- **Exercise goal**: Only the lines from the one with "NWT WHBM dress" through the end of the data below belong in the answer, restated word for word, pictures excluded.

- **Source information**:
Content starts
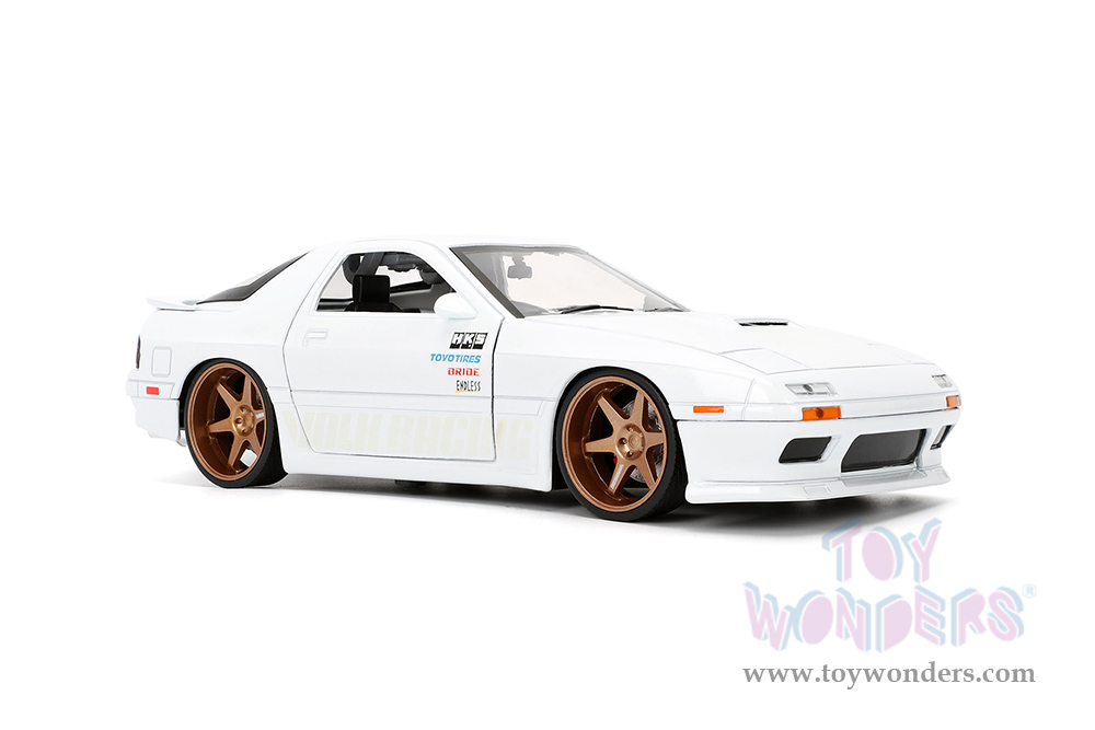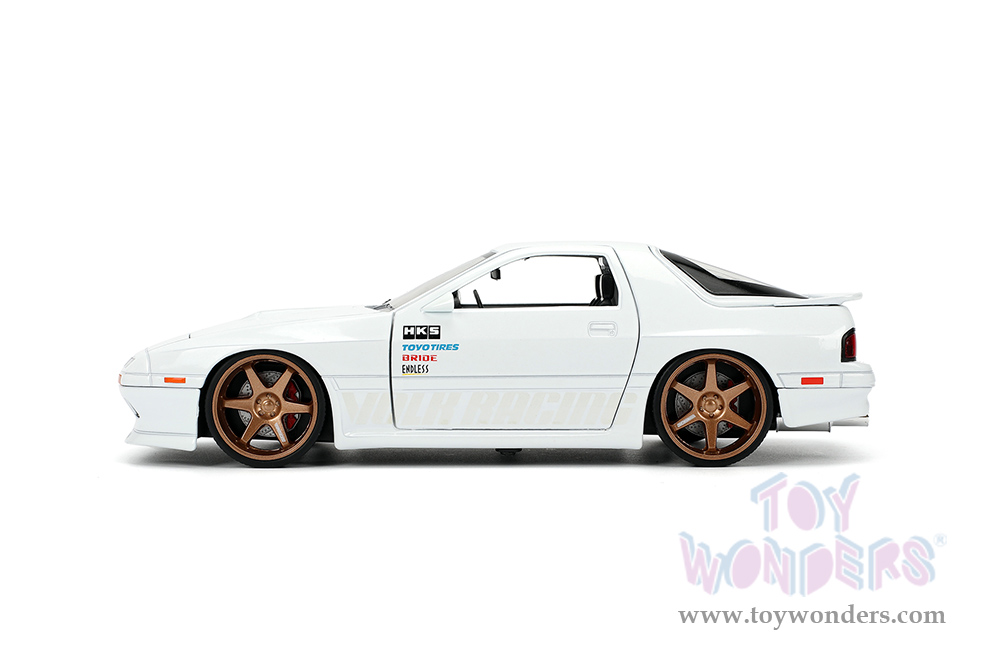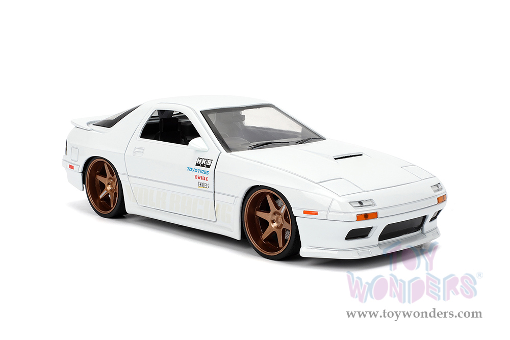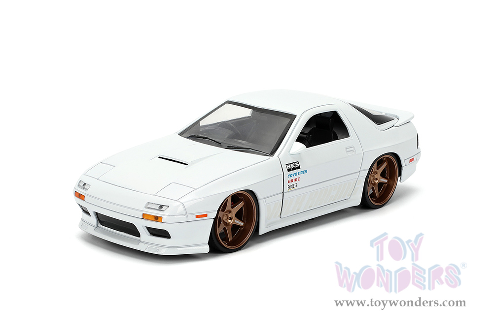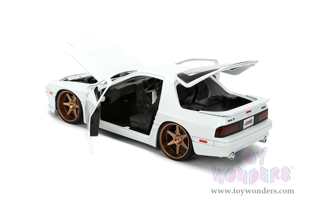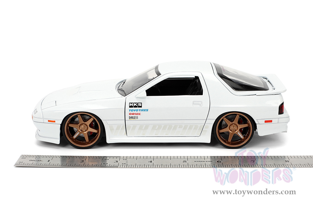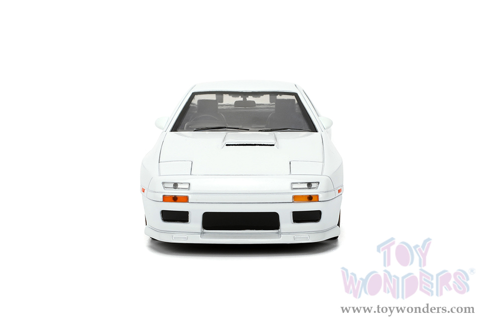 35955 Jada Toys JDM Tuners™- 1985 Mazda RX-7 FC. 1:24 scale diecast collectible model car. This Mazda is an 8"L x 3.75"W x 2.25"H diecast metal car with opening doors, hood, and trunk. Freewheeling. Detailed interior and exterior. This car is manufactured by Jada Toys. It comes individually packed in a window box. Window Box is 10"L x 4.75"W x 4.75"H. Item 35955 is in white.
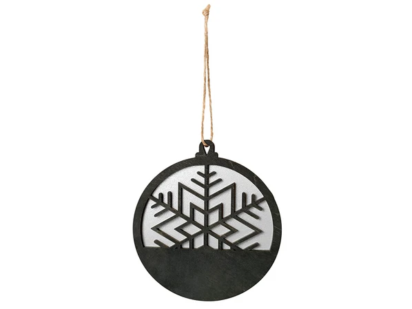 Стильная и минималистичная черная подвеска в форме снежинки выполнена из натуральной березовой фанеры. Сочетание черного и серебристого оттенков создаёт ощущение зимнего холода и утончённой простоты. Идеально подходит для украшения интерьера, ёлки или упаковки подарка.
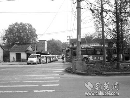 昨日下午3時許,記者來到位于江岸區(qū)諶家磯興諶大道特1號的湖北大學知行學院,幾臺電瓶車正整齊地排列學校后門前,旁邊還雜亂地停放著五輛微型面包車。 “走不走?還差一個,馬上就可以走了!币幻姘囁緳C從駕駛室里探出腦袋問著記者。記者上車發(fā)現(xiàn)里面還有5名學生乘客。付了一元的車費,司機發(fā)動車子。 4分鐘后,面包車在諶家磯大道嚴漢灣路口的公交站臺停下。學生們告訴記者,大多數(shù)師生出行會找“黑的”。而記者注意到,如果不乘坐“黑的”或電瓶車,則需要步行2公里左右才能到這個車站。
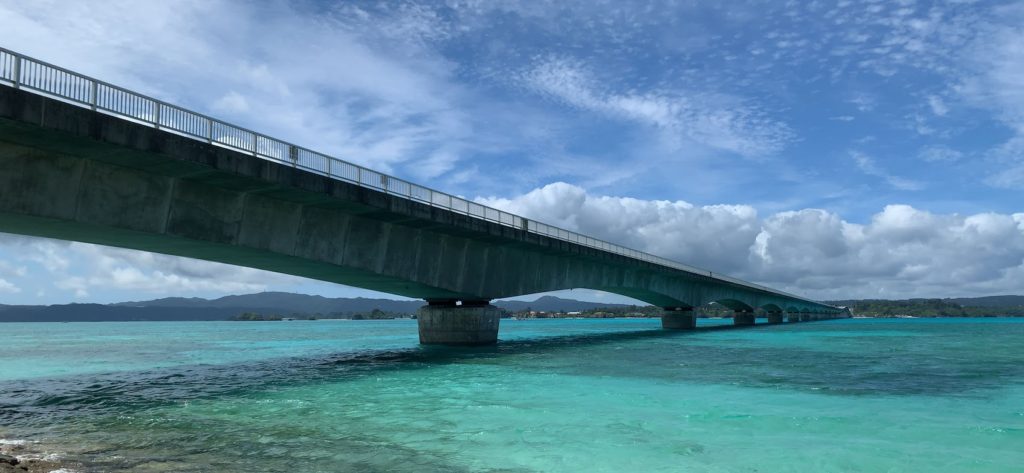 古宇利島大橋を渡る途中で、橋越しに海を望む。う~む。この海の蒼さと言ったら・・・きれいだよな。
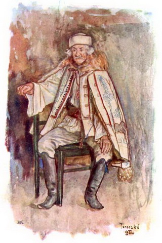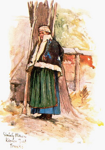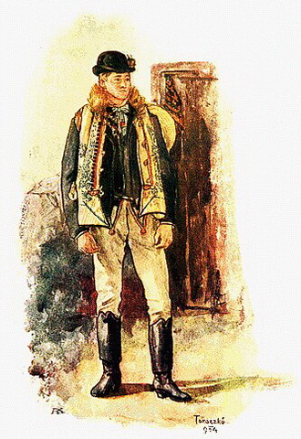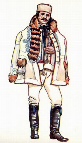 Nyáron széles, felhajtott karimájú, fekete kalapot, télen báránybőrből készült kucsmát hordtak. Az ingük fehér gyolcsból készült, a viselő korától függően leszorították különböző színű és díszítésű övvel. A nyakukba négyszögű fekete selyemkendőt tettek (a fiataloké ki volt hímezve, az idősebbeké dísztelen). Az ingre rávették a fehérített báránybőrből készült lájbit, mely ujjatlan, elől csukódó, rókaprémgalléros és kék fonallal levarrt. Erre a lájbira, nyakba akasztva rávették a vörös vagy kék selyemmel kihímzett rókaprémes bőrködmönt. Alsó ruhaneműként kétszer ványolt (tömött szövésű) gatyát viseltek, erre jött a fehér posztóból készült csizmanadrág, harisnya, oldalt zöld szegéllyel, elől vitézkötéssel díszítve. Lábbelijük a vassarkú, fekete kordovánbőrből készített csizma.
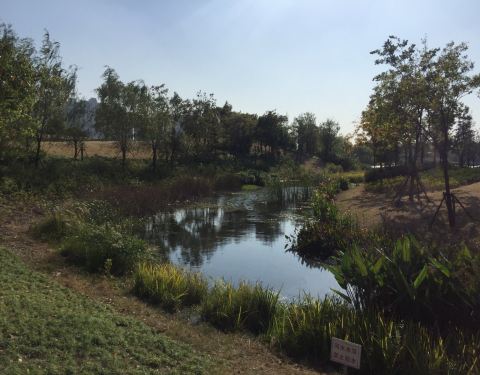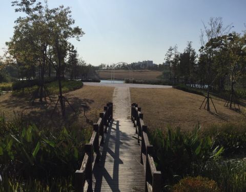 ...三号线的终点站交界处,里面都是新栽种的植物,因为是免费公园,所以很适合附近居民遛弯,跑步,锻炼
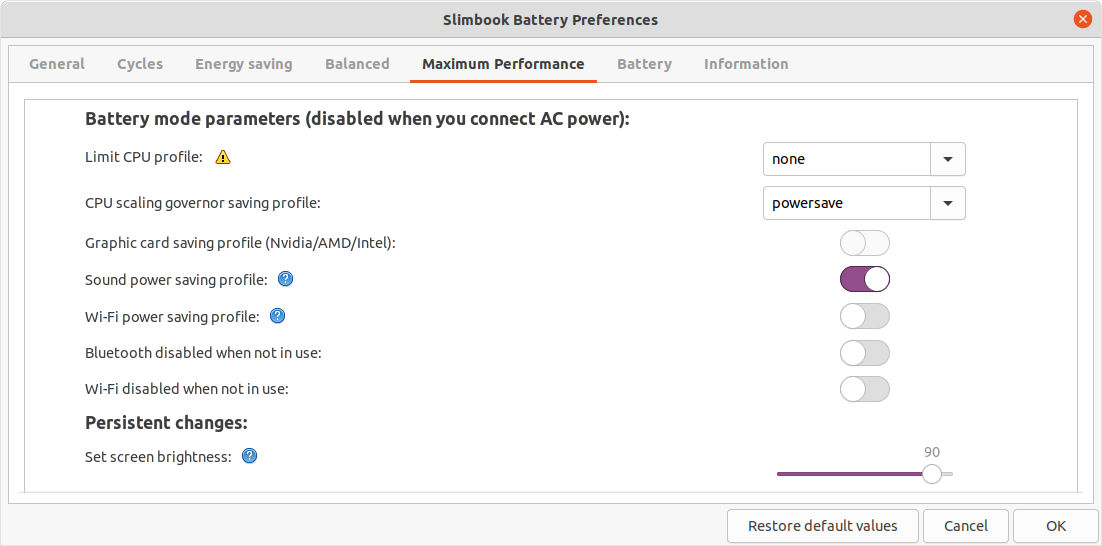 Slimbook Battery is a free software created by a Linux laptop and computer manufacturer from Spain. It has 3 presets based on TLP configurations and provides an indicator menu for easily switching among them.
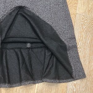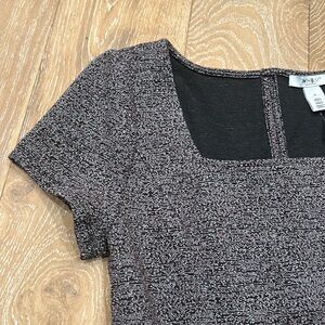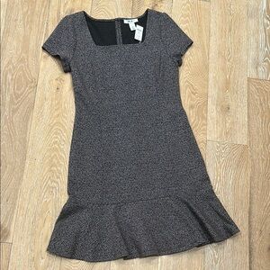 NWT WHBM dress with a square neck and ruffle hem. Fabric looks like tweed but is lighter weight in a black, brown and subtle reddish hint. Excellent new condition!
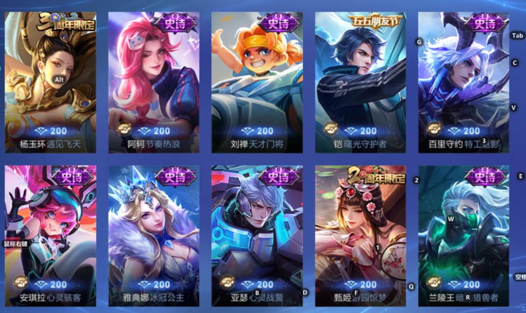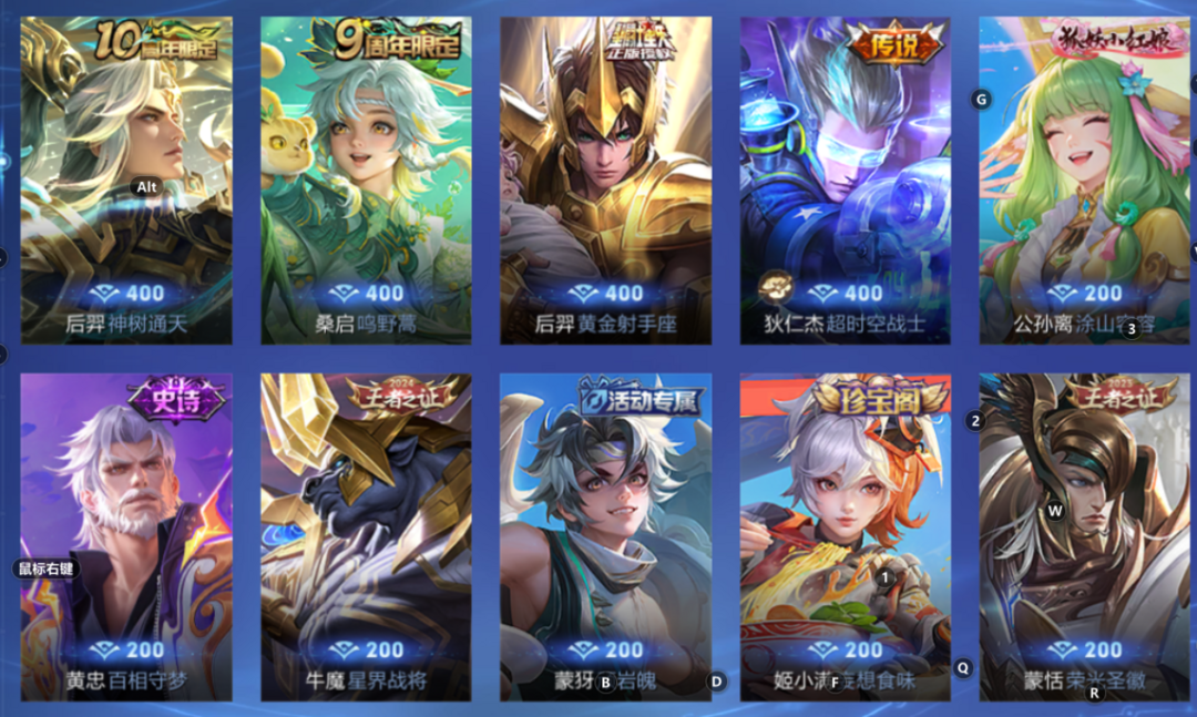 史诗勇者皮肤很全,赛季传说限定和普通传说有七八个,全英雄全英雄有皮肤全铭文,满信誉,金币钻石碎片多到溢出
Content ends
- **Solution to this task**:
 NWT WHBM dress with a square neck and ruffle hem. Fabric looks like tweed but is lighter weight in a black, brown and subtle reddish hint. Excellent new condition!
 史诗勇者皮肤很全,赛季传说限定和普通传说有七八个,全英雄全英雄有皮肤全铭文,满信誉,金币钻石碎片多到溢出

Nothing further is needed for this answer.